The following lists events that happened during 1963 in New Zealand.

Population
 Estimated Population as of 31 December: 2,566,900
 Increase since 31 December 1962: 51,100 (2.03%)
 Males per 100 Females: 100.8

Incumbents

Regal and Vice Regal
Head of State – Elizabeth II
Governor-General – Brigadier Sir Bernard Fergusson GCMG GCVO DSO OBE.

Government
The 33rd New Zealand Parliament concluded and a general election was held on 30 November. This saw the National Party returned with the loss of one seat to have a majority of 10 seats.
Speaker of the House – Ronald Algie.
Prime Minister – Keith Holyoake
Deputy Prime Minister – Jack Marshall.
Minister of Finance – Harry Lake.
Minister of Foreign Affairs – Keith Holyoake.
Attorney-General – Ralph Hanan.
Chief Justice — Sir Harold Barrowclough

Parliamentary opposition 
 Leader of the Opposition –   Walter Nash (Labour) until 31 March, then  Arnold Nordmeyer (Labour).

Main centre leaders
Mayor of Auckland – Dove-Myer Robinson
Mayor of Hamilton – Denis Rogers
Mayor of Wellington – Frank Kitts
Mayor of Christchurch – George Manning
Mayor of Dunedin – Stuart Sidey

Events 

 6 February – Elizabeth II arrives in New Zealand on the Royal Yacht Britannia for the 1963 Royal Tour of New Zealand.
 7 February – 15 people killed in a bus crash due to brake failure in the Brynderwyn Hills in Northland.
 4 April – BOAC launches New Zealand's first jet-powered air service between Auckland Whenuapai and London Heathrow using the De Havilland Comet. The route takes 37.5 hours, with stops in Sydney, Darwin, Singapore, Rangoon or Calcutta, Karachi, Beirut or Damascus, and Rome or Düsseldorf.
 17 April – Tauranga becomes a city.
 3 July – New Zealand National Airways Corporation Flight 441 crashes into the Kaimai Ranges, killing all 23 aboard.
 7 December – Two people are killed in the Bassett Road machine gun murders.

Arts and literature
Maurice Shadbolt wins the Robert Burns Fellowship.

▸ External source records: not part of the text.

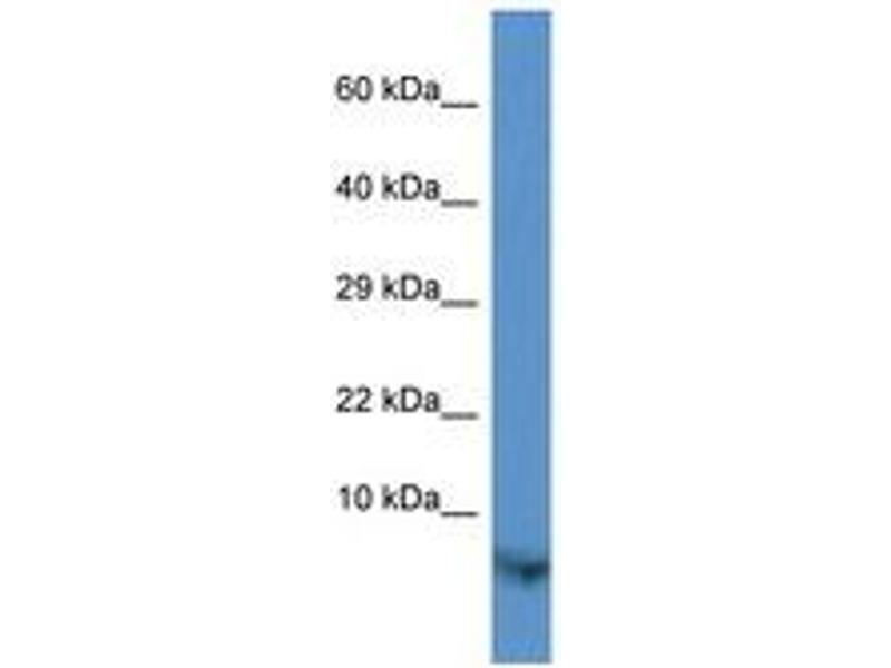 Synthetic peptide from N-Terminus of mouse Timm13 (P62075, NP_038923). Percent identity by BLAST analysis: Human, Gorilla, Gibbon, Monkey, Galago, Mouse, Rat, Elephant, Bovine, Bat, Horse, Opossum, Guinea pig, Xenopus, Salmon, Smelt, Sablefish, Stickleback, Pufferfish, Zebrafish (100%), Drosophila (92%).
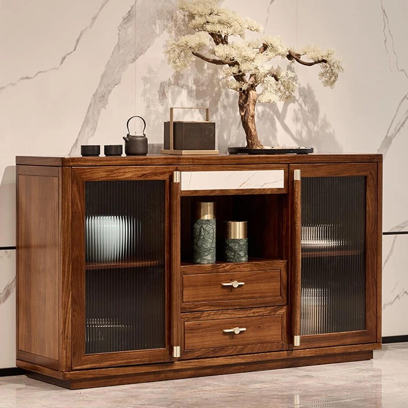 新中式スタイルの高級ウォルナット製サイドボード - モダンなエントランス収納と優雅なダイニングスペースを演出!おしゃれで実用的な収納ソリューションを手に入れましょう。
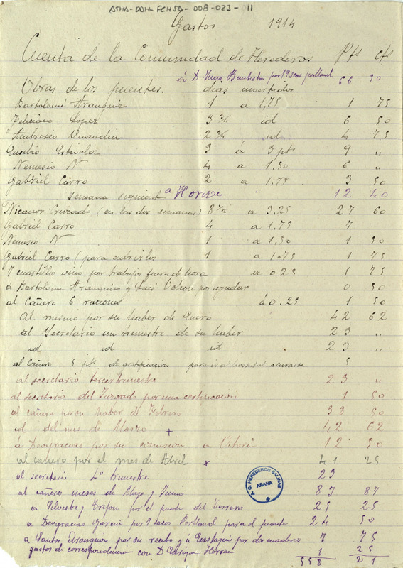 Copia simple de la cuenta de los gastos e ingresos de la Comunidad de Herederos de las salinas de Añana, durante el año 1914
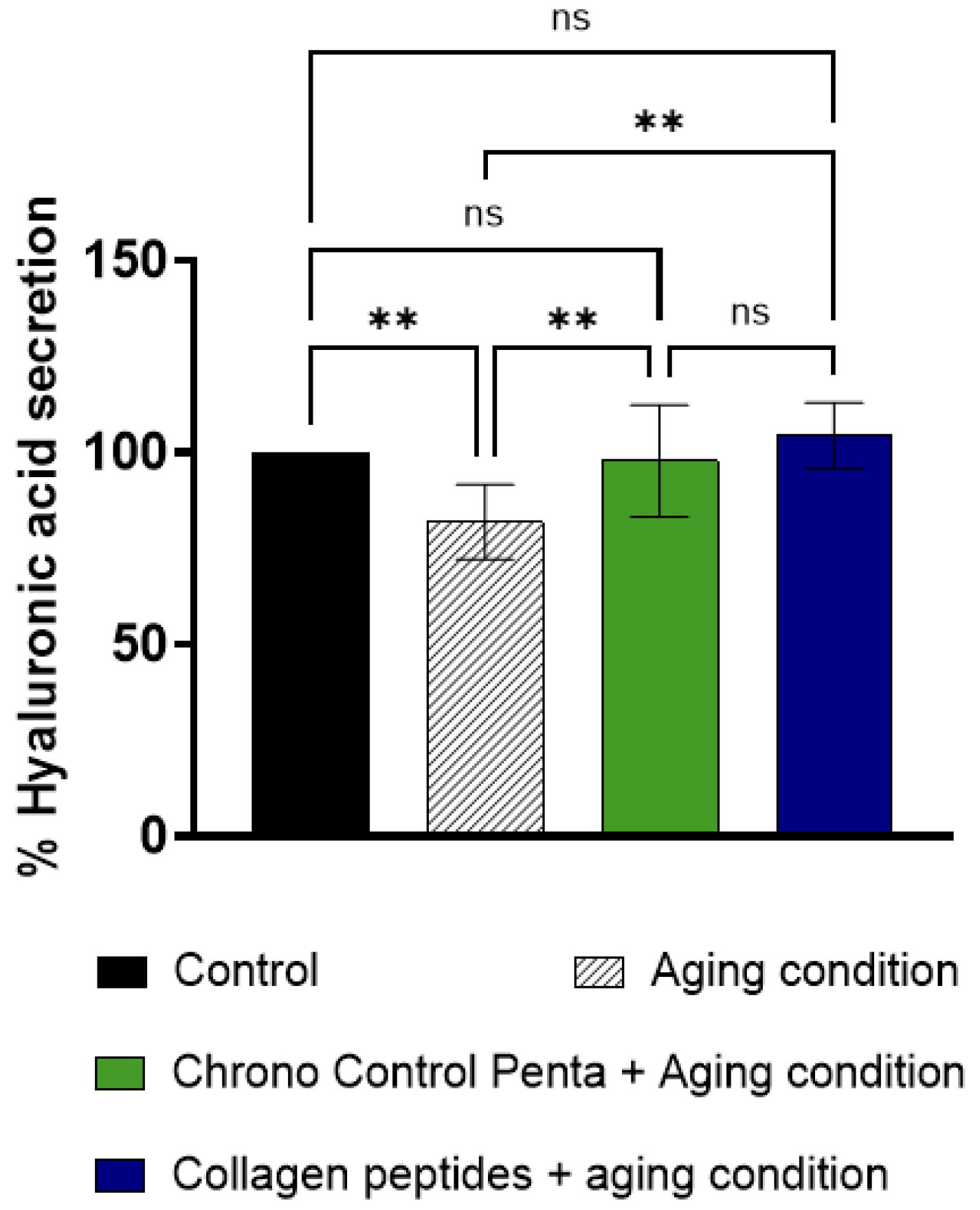 Data thus reveal that Chrono Control Penta was able to enhance HA secretion by 20.11% compared to aging conditions in human fibroblasts; this result is in line with the HAS2 production and this effect is comparable to that observed with collagen peptides treatment (
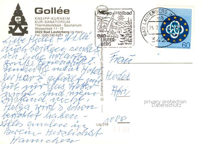 73167987 alte Postkarte Bad Lauterberg Gollèe Kneipp-Kurheim Sanatorium postalisch gelaufen Erhaltung siehe scans [LiesaD40] KatCode: 11110003156002

See 1963 in art, 1963 in literature

Music

See: 1963 in music

Radio and Television
There are 80,000 television licences issued, and an estimated 300,000 television viewers in New Zealand. 
Broadcast relay stations at Mount Te Aroha, Wharite Peak and Otahoua are commissioned, extending television coverage to Waikato, Tauranga, Manawatu and Wairarapa.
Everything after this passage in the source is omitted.